This year, Dan Ortmeyer will cram five weeks' worth of Shakespearean tragedy into three weeks for his students at Chesapeake High School.
That's just one example of how class time will be affected as the Anne Arundel County school begins its experiment with four 85-minute classes a day, compared to six classes lasting about 50 to 55 minutes each.
Mr. Ortmeyer isn't worried though. "Once they get into the second act of Macbeth, they're hooked."
In essence, Mr. Ortmeyer and the other Chesapeake High teachers will be trying to condense two semesters worth of work into one semester.
"Everybody must keep in mind that it's new, it's different, and it's going to be difficult at first," he said. "We'll be learning as
much as the students will be learning."
Will students have a hard time with the accelerated pace? "You also have to remember that high school students can do a heck of a lot more than they think they can," Mr. Ortmeyer said. "They're more artistic and more capable than they know."
Under the new system, courses once spread over a year will be taught in a semester; courses that used to last one semester will now be doubled up with other similar courses to fill the extended time period. Over four years, students will take 32 courses, instead of the current 24.
Most teachers at the school, but not all, voted in favor of the plan when it was proposed last spring by principal Harry Calender. But many wondered how it would work.
"I worried about it all summer," said Kay Sokoloff, a math teacher. "I think the overall anxiety level among the staff has dropped now that we've had a chance to meet teachers from other schools where it's worked. And the back-to-school night was one of the best we've ever had. We had more parents than ever, and they and the students were more attentive. We're getting excited about it."

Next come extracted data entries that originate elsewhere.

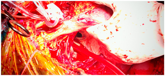 Postoperatively, the patient remained in critical condition, intubated, and dependent on maximal inotropic and vasopressor support. Early echocardiography showed compression of the right-sided cardiac chambers with features of impending collapse. Preoperative laboratory parameters, including coagulation profile, were within acceptable limits and consistent with a compensated clinical status, while postoperative deterioration reflected the onset of acute hemodynamic compromise. The associated coagulation disorders, secondary to hepatic dysfunction, further amplified the hemodynamic instability and contributed to the unfavorable evolution of the physiopathological cascade. Emergency re-exploration revealed hemopericardium with tamponade, which was evacuated with surgical drainage. Perioperative anticoagulation was adjusted and monitored according to institutional protocols, but the patient’s condition remained unstable despite maximal supportive therapy. He subsequently suffered an irreversible cardiac arrest due to electromechanical dissociation, unresponsive to advanced resuscitation.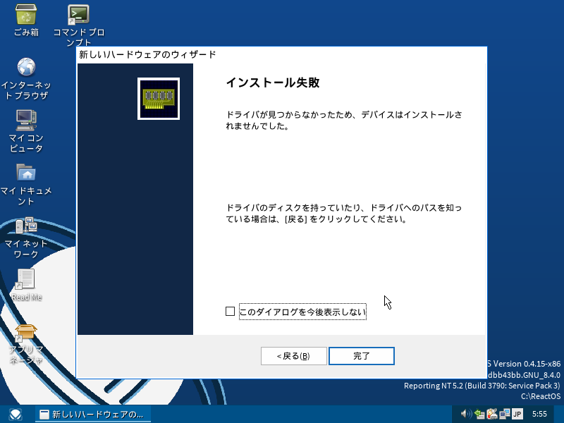 なんか、インストール失敗になってますけど。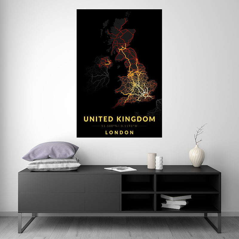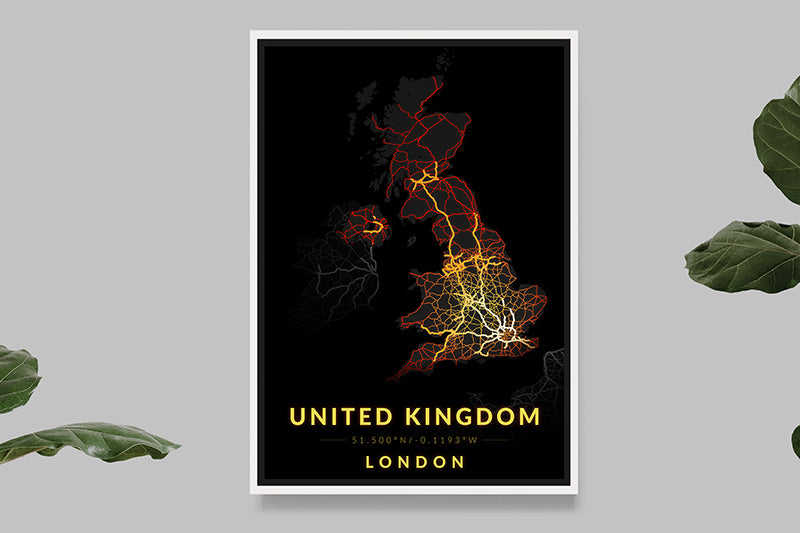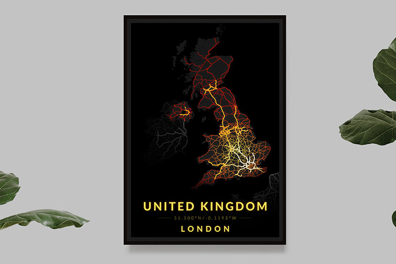 Cette carte vintage du Royaume-Uni met en valeur les routes spectaculaires du pays. Les couleurs de la carte, qui se caractérisent par des tons de orange, de rouge et de jaune, rappellent les cartes anciennes.
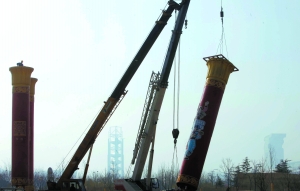 10点半,吊车首先将民族柱的水泥墩安放在钢板上,然后将柱体吊起,对接在水泥墩上,并进行固定,将民族柱的冠顶安装在柱体上。每根民族柱安装约20多分钟。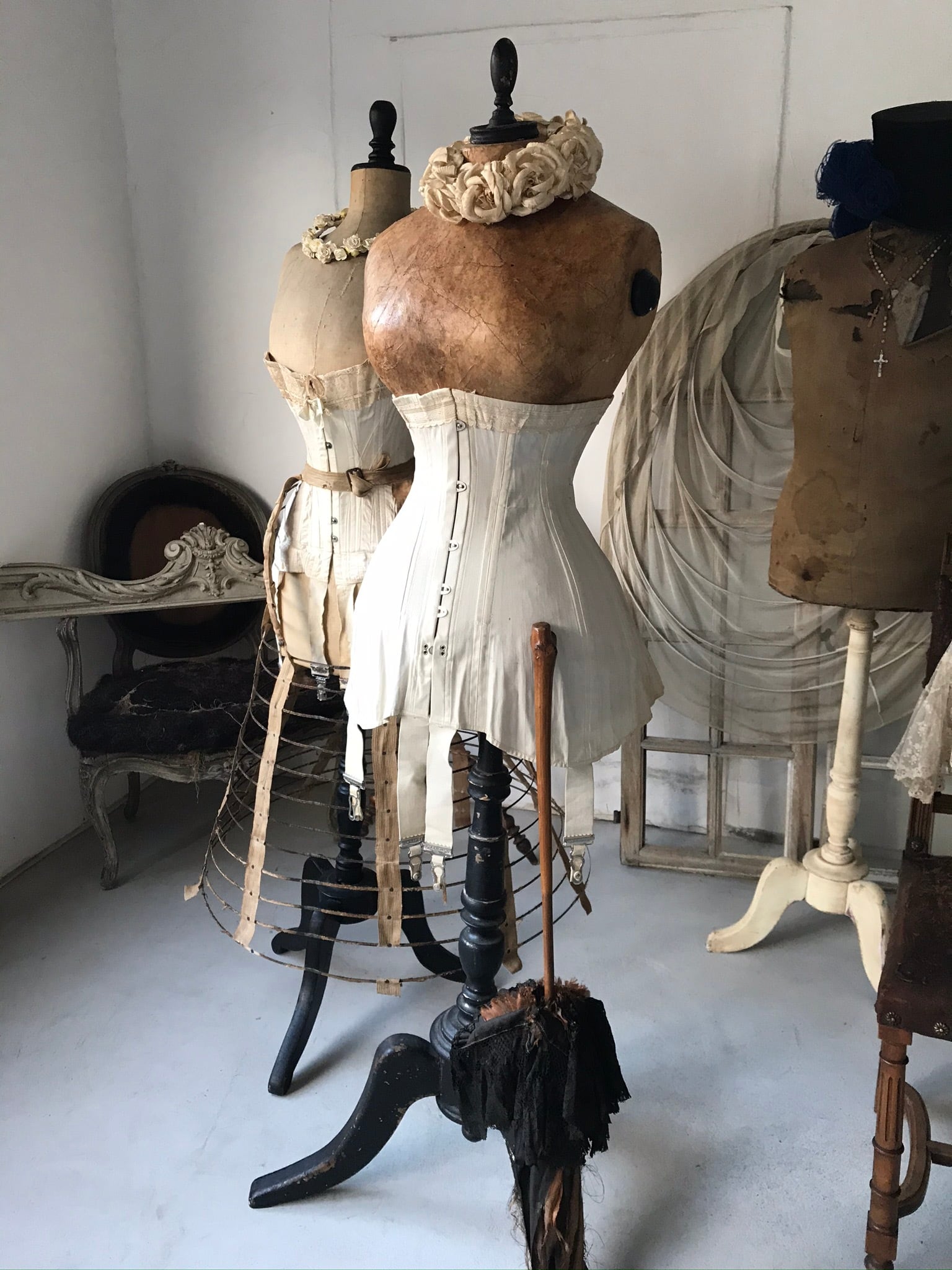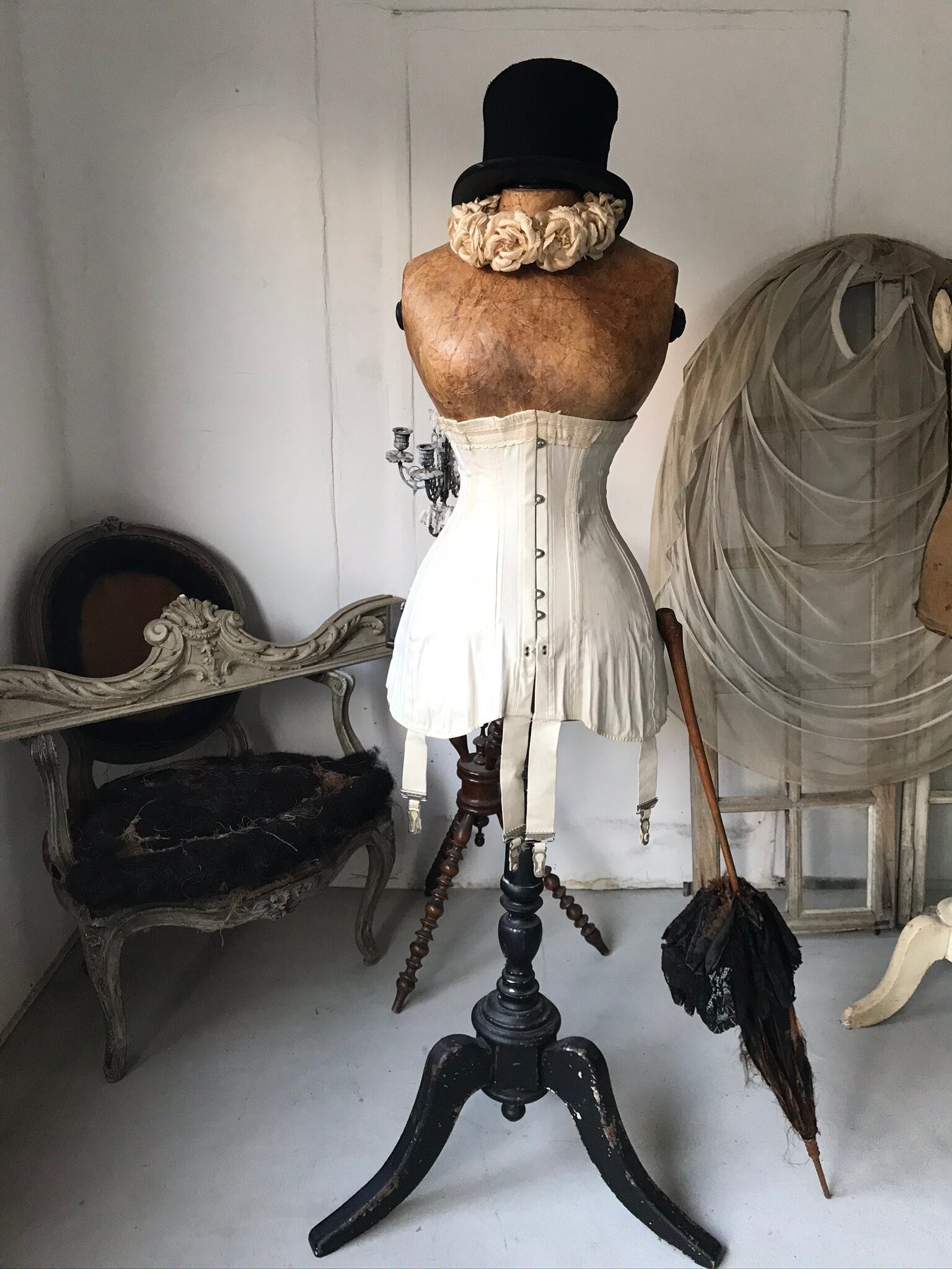 アンティーク洋書にも必ずと言っていいほど載っているガーターベルト付きのコルセット、現地でもかなり人気があるため平均6〜8万円ほどの高値で販売されています。

The advantage to having four classes a day, as far as math teacher Barbara Ferger is concerned, "is that kids can take more than four math classes -- oh yeah!"
"I told the ninth-graders at back-to-school night that I love algebra and that I hope they will learn to love algebra," she said. "They just looked at me."
But the longer class period will pose a challenge for teachers who prefer a lecture format, Ms. Ferger said.
"You're going to have to vary your approach to teaching," she said. "You have to think of the class period as four sections of about 20 minutes instead of one big block of time. The traditional lesson plan isn't going to make it."
Classes at the school will run from 7:30 a.m. to 9 a.m. and 9:05 a.m. to 10:30 a.m., and break for lunch at one of three designated times before the afternoon sessions begin.
The best part of the plan, Mr. Calender says, is that students will have a chance to take a better variety of classes. The four-period day schedule allows the school to offer students a chance to earn 32 credits -- eight more than are required for graduation. Under the six classes a day plan, students have fewer chances to take elective courses.
The students and teachers at Chesapeake won't be alone in their experiment. Other schools around the state are watching closely. North Carroll High School in Carroll County will make the switch Sept. 7, while two other schools in Carroll County are considering going to four periods next fall. One school in Harford County was considering changing to four periods, but the idea was voted down by teachers last year.
Having made the commitment, and with school set to start in two days, teachers at Chesapeake have been working furiously on their lesson plans and their positive attitudes. "You have to get pumped up for the students," said Ms. Ferger.
"Right now we're scared because we can't find anything to fix," said Mr. Calender. "We already know the teachers are going to be very tired at the end of the first semester, and so will the students. But I think people who are concerned about the drop in student grades we've seen will be pleasantly surprised. There are going to be some weak points in the plan -- we may find that certain classes will have to be taught in shorter periods -- but even the teachers who voted against the change are starting to come around."